= Eli Hagen =

Norwegian politician

Eli Engum Hagen (born 26 October 1947 in Dombås, Oppland) is a Norwegian television presenter and the wife and secretary of the Norwegian politician Carl I. Hagen, former leader of the Progress Party. In recent years she has also made a name for herself as a television personality. The Norwegian author Jan Martin Iversen credited her with a significant role in the development and survival of the right-wing Progress Party in his 1998 book about its first 25 years.

==Career==

=== Mishap while driving ===
In November 2001 she also caused headlines when, after dropping off her husband at an official dinner at the Royal Palace in Oslo, she accidentally drove her Volkswagen Passat down the steps in front of the palace, with the political press corps as shocked onlookers.

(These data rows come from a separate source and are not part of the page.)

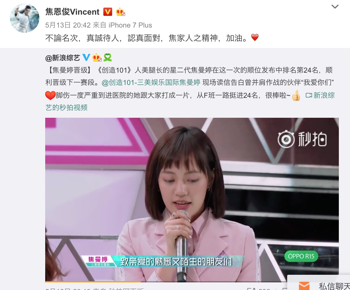 大陸選秀節目跟韓國的Produce 101買版權,推出創造101,培育出不少話題人物,裡面也有不少是星二代或是之前就已經出道過的藝人,而焦恩俊的女兒焦曼婷也在13日播出的淘汰賽後第一次排名中獲得第24名,焦恩俊也在自己的微博替女兒打氣。
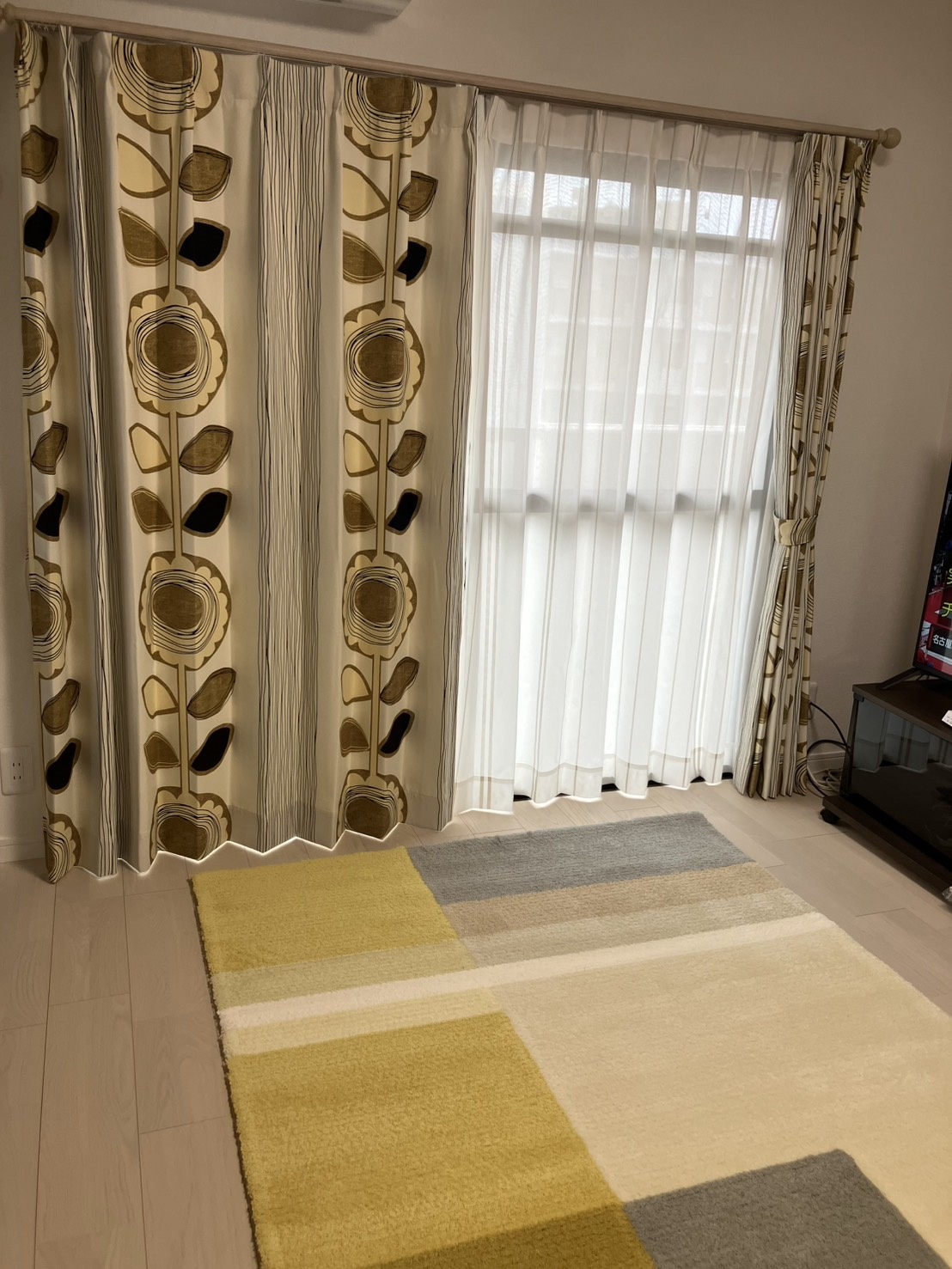 カーテンとコーディネートしたラグもご購入いただきましたよ♪
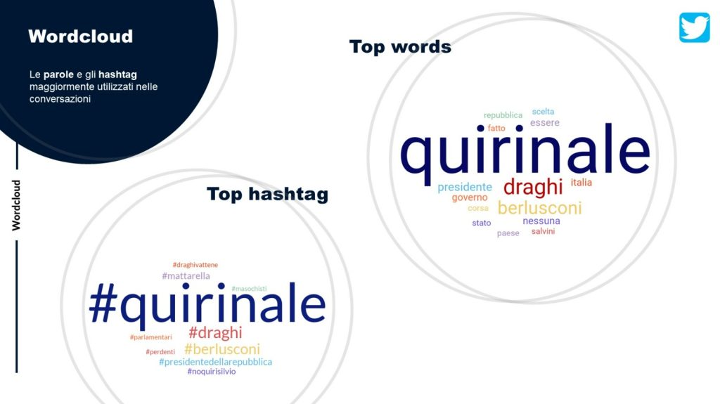 L’andamento generale del comportamento su Twitter in merito al voto del Colle, in conclusione, riflette il dibattito politico e sociale degli ultimi giorni: ogni giorno, sulla base delle notizie che incalzano su vari fronti, dal PNRR alla pandemia, fino agli auspici espressi ieri da Goldman Sachs, riportano sempre allo stesso quesito: Mario Draghi diventerà Presidente della Repubblica sì o no?
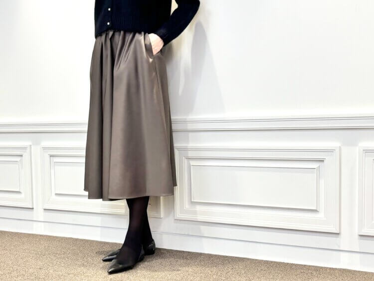 膝下長めの丈感のスカートで、歩くたびに美しく揺れるシルエットが魅力。気になるラインを自然にカバーしつつ、縦のラインを強調してくれるので、上品さとスタイルアップを同時に叶えてくれます。落ち着いたモカカラーがやわらかさを添え、ブラックのトップスとのコントラストで大人らしい雰囲気に仕上がります。
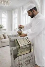 Support pour tapis de prière, Coran et encensoir – Blanc
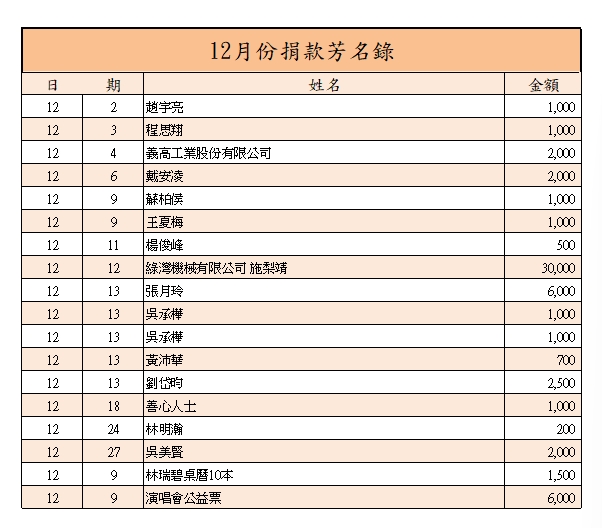 衷心感謝您的慷慨捐款及對台中市腦性麻痺關懷協會的支持。成就的背後都離不開像您這樣的愛心捐款人。深知您的每一分捐款都是一份信任和期望,這也是我們不斷努力的動力。
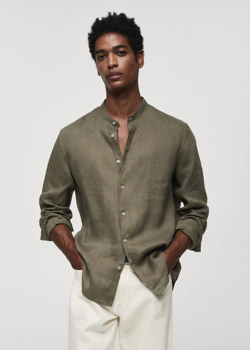 100% linen Mao collar shirt
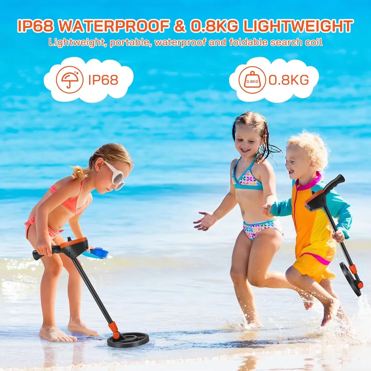 The Findytrex Metal Detector For Kids features an IP68 waterproof search coil, allowing safe exploration in shallow water, wet sand, and rainy conditions. Your child can hunt for treasures at the beach, park, or garden without equipment damage concerns.

The following morning Dagbladet - one of the largest newspapers in Norway - filled its frontpage with a picture of the tire marked stairs and the headline "Eli took the stairs - with her car".

=== Memoir ===
In 2006 she created more headlines with the release of her autobiography Elskerinne, sekretær og hustru - Gift med Carl (Mistress, Secretary and Wife - Married to Carl), where she delivered frank observations and scornful descriptions of active, retired and even dead politicians. In the same book she mentioned her embarrassing drive down the palace stairs, and admitted she nearly "died of shame".

=== Television ===
In 2008 she had her debut as regular co-host of the talkshow Studio 5, a Norwegian version of The View. Since this she has become quite an active TV personality, appearing in numerous television shows, often displaying her outspoken nature mixed with irony and self ridicule.